I3CL: Intra- and Inter-Instance Collaborative Learning for Arbitrary-shaped Scene Text Detection

This is the repo for the paper "I3CL: Intra- and Inter-Instance Collaborative Learning for Arbitrary-shaped Scene Text Detection". I3CL with ViTAEv2, ResNet50 and ResNet50 w/ RegionCL backbone are included.

Updates

[2022/04/13] Publish links of training datasets.

[2022/04/11] Add SSL training code for this implementation.

[2022/04/09] The training code for ICDAR2019 ArT dataset is uploaded. Private github repo temporarily.

Other applications of ViTAE Transformer: Image Classification | Object Detection | Sementic Segmentation | Animal Pose Estimation | Matting | Remote Sensing

Introduction

Existing methods for arbitrary-shaped text detection in natural scenes face two critical issues, i.e., 1) fracture detections at the gaps in a text instance; and 2) inaccurate detections of arbitrary-shaped text instances with diverse background context. To address these issues, we propose a novel method named Intra- and Inter-Instance Collaborative Learning (I3CL). Specifically, to address the first issue, we design an effective convolutional module with multiple receptive fields, which is able to collaboratively learn better character and gap feature representations at local and long ranges inside a text instance. To address the second issue, we devise an instance-based transformer module to exploit the dependencies between different text instances and a global context module to exploit the semantic context from the shared background, which are able to collaboratively learn more discriminative text feature representation. In this way, I3CL can effectively exploit the intra- and inter-instance dependencies together in a unified end-to-end trainable framework. Besides, to make full use of the unlabeled data, we design an effective semi-supervised learning method to leverage the pseudo labels via an ensemble strategy. Without bells and whistles, experimental results show that the proposed I3CL sets new state-of-the-art results on three challenging public benchmarks, i.e., an F-measure of 77.5% on ArT, 86.9% on Total-Text, and 86.4% on CTW-1500. Notably, our I3CL with the ResNeSt-101 backbone ranked the 1st place on the ArT leaderboard.

Results

Example results from paper.

Evaluation results of I3CL with different backbones on ArT. Note that: (1) I3CL with ViTAE only adopts one training stage with LSVT+MLT19+ArT training datasets in this repo. ResNet series adopt three training stages, i.e, pre-train on SynthText, mix-train on ReCTS+RCTW+LSVT+MLT19+ArT and lastly finetune on LSVT+MLT19+ArT. (2) Origin implementation of ResNet series is based on Detectron2. The results and model links of ResNet-50 will be updated soon in this implementation.
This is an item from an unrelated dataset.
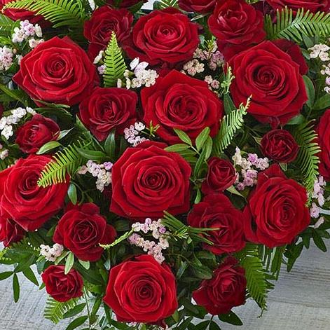 A vibrant heart tribute featuring gorgeous roses, spray roses and foliage.
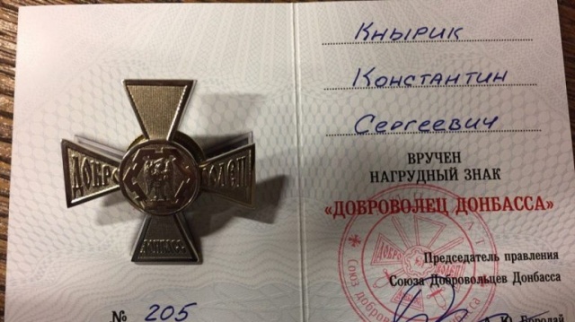 Вчера, 18 марта, Крестом «Доброволец Донбасса» был отмечен руководитель Крымской республиканской организации всероссийской партии "Родина" и информационного агентства News Front Константин Кнырик.

Backbone	Model Link	Training Data	Recall	Precision	F-measure
ViTAEv2-S [this repo]	OneDrive/ 百度网盘 (pw:w754)	LSVT,MLT19,ArT	75.4	82.8	78.9
ResNet-50 [paper]	-	SynthText,ReCTS,RCTW,LSVT,MLT19,ArT	71.3	82.7	76.6
ResNet-50 w/ RegionCL(finetuning) [paper]	-	SynthText,ReCTS,RCTW,LSVT,MLT19,ArT	72.6	81.9	77.0
ResNet-50 w/ RegionCL(w/o finetuning) [paper]	-	SynthText,ReCTS,RCTW,LSVT,MLT19,ArT	73.5	81.6	77.3
ResNeXt-101 [paper]	-	SynthText,ReCTS,RCTW,LSVT,MLT19,ArT	74.1	85.5	79.4
ResNeSt-101 [paper]	-	SynthText,ReCTS,RCTW,LSVT,MLT19,ArT	75.1	86.3	80.3
ResNeXt-151 [paper]	-	SynthText,ReCTS,RCTW,LSVT,MLT19,ArT	74.9	86.0	80.1

Usage

Install

Prerequisites：

Linux (macOS and Windows are not tested)

Python >= 3.6

Pytorch >= 1.8.1 (For ViTAE implementation). Please make sure your compilation CUDA version and runtime CUDA version match.

GCC >= 5

MMCV (We use mmcv-full==1.4.3)

Create a conda virtual environment and activate it. Note that this implementation is based on mmdetection 2.20.0 version.
Install Pytorch and torchvision following official instructions.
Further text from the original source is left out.